Yasin Malik, the once-feared Kashmiri separatist leader, is now trying to rewrite his bloody past. Long accused by the Kashmiri Pandit community of leading brutal attacks that forced their mass exodus from the Kashmir Valley, Malik has filed an affidavit in court claiming he’s innocent. He says “circumstances” pushed him into militancy back in the late 1980s and early 1990s, not any personal choice to spread terror.

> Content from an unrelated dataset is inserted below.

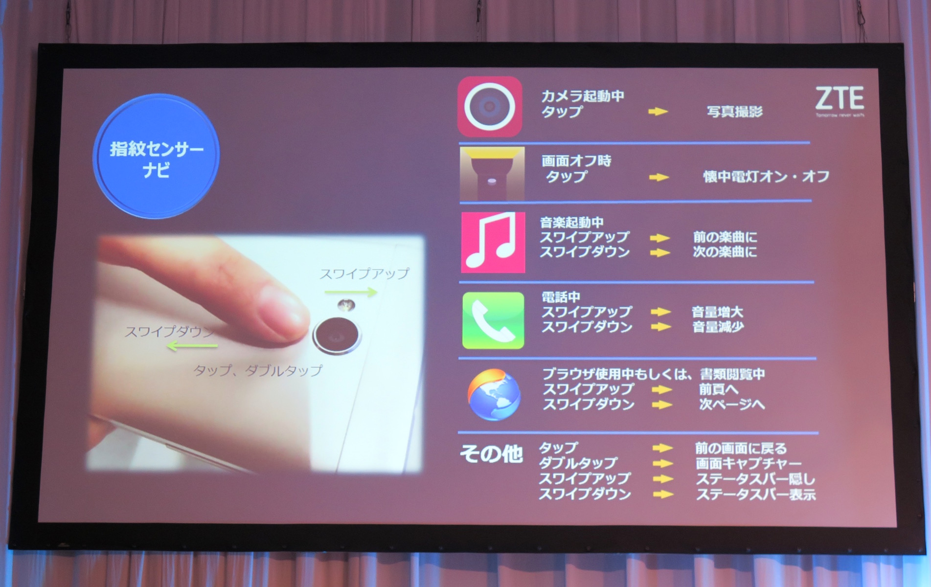 指紋センサーは、指先をあてると0.3秒でロックを解除できるほか、最大5本の指それぞれにアプリを登録して、画面オフの状態からワンタッチで起動できる機能も備えています。さらに、ワンタップで前の画面に戻せて、ダブルタップでスクリーンショットを撮れるといった便利なショートカット機能も備えています。

For Kashmiri Pandits, these words ring hollow. They remember Malik as a key figure in a wave of violence that shattered their lives. Starting around 1988, militants like him targeted Hindus in the Valley, killing hundreds, kidnapping and gang-raping women, looting homes, burning properties, and even desecrating temples. Pandit families lost everything—houses seized, lands grabbed, or sold off for next to nothing under threat. This wasn’t random chaos; it was a calculated push to drive out an ancient community that’s called Kashmir home for over 5,000 years.
Malik’s group lured young Kashmiris into armed militancy, turning a peaceful region into a hotspot of radicalism and fear. In his affidavit, he denies starting the “genocide and gang rape” that sparked the Kashmiri Pandits exodus. He even challenges India’s Intelligence Bureau to dig up old records proving his role. But survivors say the evidence is in their scars. Take the brutal murder of Girija Tickoo, gang-raped and killed in 1990. Or scholar Sarvanand Premi and his son, executed by militants. Radio Kashmir’s Lassa Koul, politician Tikalal Taploo, Justice Neelkanth Ganjoo— the list of victims goes on, with hundreds more unnamed in villages and towns across the Valley.
What’s shocking is how little has changed in over three decades. Despite demands for justice, no full investigation has ever happened into the ethnic cleansing of Kashmiri Pandits. Other tragedies in India, like the 1984 anti-Sikh riots or the 2002 Gujarat riots, got multiple probes and commissions. Yet the violence against Pandits? It’s been swept under the rug by governments in New Delhi and Jammu and Kashmir. Only a handful of police reports from the time exist, and most cases stalled without trials.
Malik isn’t alone in dodging accountability. His old associate, Bitta Karate—real name Farooq Ahmed Dar, known as the “Butcher of Pandits”—once bragged about killing over 20 Pandits in 1990, maybe even 40. His first victim was a friend, Satish Tickoo, shot eight times in the head and chest. Karate got arrested but walked free on bail in 2006 after prosecutors showed little interest in the case. It’s a story that captures the Pandits’ long fight for justice.
Today, with Malik in failing health and facing serious charges, some voices rally to his side. Former Jammu and Kashmir Chief Minister Mehbooba Mufti recently wrote to Home Minister Amit Shah, asking for a “humanitarian” approach—forgetting that her own sister, Rubaiya Sayeed, identified Malik as her kidnapper in 1989. But what about the over 700,000 Kashmiri Pandits displaced, many still living as refugees? Witnesses from that era are fading away, and without a proper probe into the Kashmir terrorism that targeted them, the full truth risks slipping into denial.
If these “grotesque allegations” were investigated thoroughly, experts say Malik would have faced the noose years ago. Instead, he offers dramatic lines like hanging himself if proven guilty. As the ecosystem that once justified Kashmir militancy keeps downplaying the exodus—blaming figures like the late Governor Jagmohan—the Pandit community warns: Without action, history could twist this into a simple “migration,” erasing the killings and cries forever.